If a board meeting is to be held electronically, the directors should ensure that:


- all directors entitled to receive notice have given their consent to the meeting being held electronically; and


- minutes of the meeting are sent to each director for approval following the meeting to ensure that they accurately reflect the matters discussed.


  • Public companies are required (but may find it difficult) to present their accounts before shareholders at a general meeting within six months of the end of the financial year.

Under the Bill, it is proposed that companies will be able to hold AGMs (and other general meetings) between 26 March and 30 September 2020 (the “Relevant Period”) electronically (even if the company’s articles of association do not allow for this).The Relevant Period may be extended by regulation of the relevant national authority in three month increments, provided this period is not extended beyond 5 April 2021.


Of additional assistance, a company required to hold its AGM during the Relevant Period will be able to move the AGM back to 30 September 2020. The relevant national authority may, by regulation extend this period by up to eight weeks.  (Follow link to earlier article on General Meetings during COVID-19)


  • Once accounts are approved, a director’s ‘sign-off’ is difficult to achieve in ‘wet ink’ for filing at Companies House.

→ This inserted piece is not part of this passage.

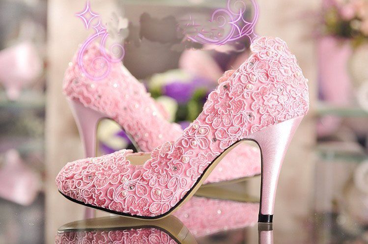Pink New Diamond Shoes High Heels Pearl Lace Shoes New Bridesmaid
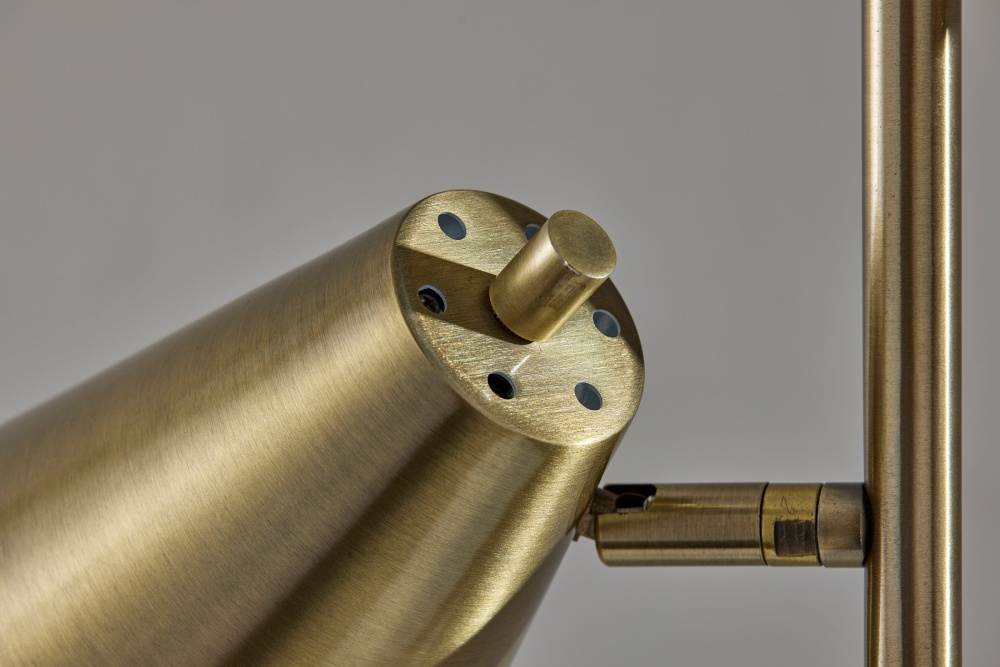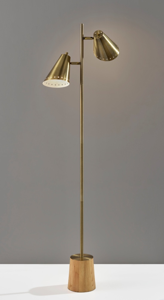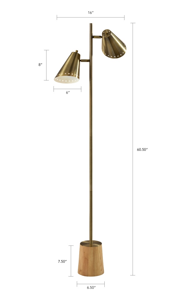 Introducing the 9411-21 Josephine Floor Lamp, a stunning blend of elegance and function that adds sophistication to any room. Featuring an antique brass finish and two adjustable cone-shaped brass metal shades, this lamp offers both style and versatility. Standing at 60.5 inches tall with a chunky natural wood base for added stability and charm, the Josephine Floor Lamp brings a warm, modern touch to your home. Each shade is equipped with its own 40W on/off rotary socket switch, providing flexible lighting options perfect for reading, working, or relaxing.

To ease difficulties accessing printers and scanners in lockdown, we understand that Companies House has helpfully confirmed that the Registrar of Companies will accept annual accounts signed by a director using an electronic signature.


  • What if a company is unable to ‘file’ its accounts by the applicable deadline?

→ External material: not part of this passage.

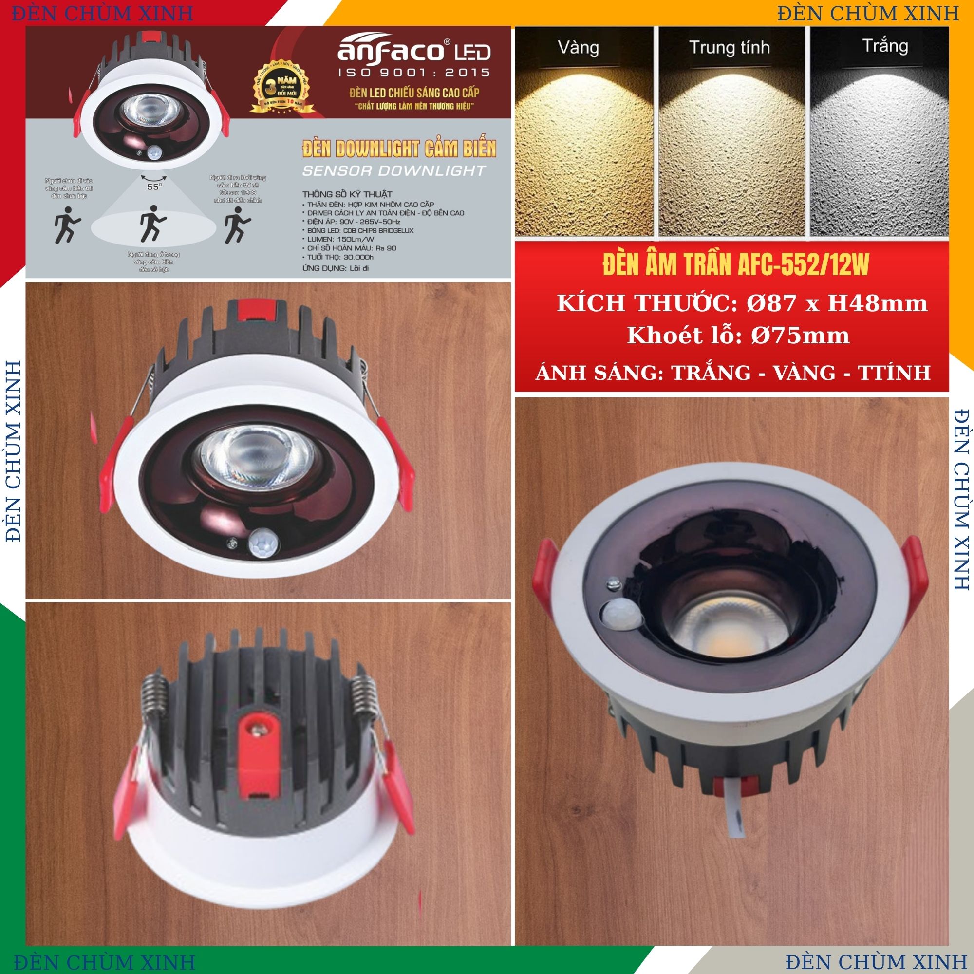 ĐÈN LED ÂM TRẦN CẢM BIẾN AFC-552/12W CHÍNH HÃNG ANFACO

The Bill will automatically extend deadlines for filing company accounts.


Public companies due to file accounts during the Relevant Period, will be taken to have a filing period that ends on the earlier of 30 September 2020 and the last day of the period of 12 months immediately following the end of the relevant accounting reference period. By way of example, if a public company’s accounting reference period ends on 1 December 2019 (meaning its usual deadline to file the company’s accounts at Companies House would be on or before 1 June 2020), the deadline will be extended to 30 September 2020.


Until the Bill is passed into law, if a company is unable to meet its filing deadline as a result of the coronavirus pandemic, it can apply to Companies House for an automatic and immediate three-month extension. Applications can be made through an online system which takes around 15 minutes to complete. The application must be made in advance of the company's filing deadline. It should be noted that companies that have already extended their filing deadline, or shortened their accounting reference period, may not be eligible for such an extension.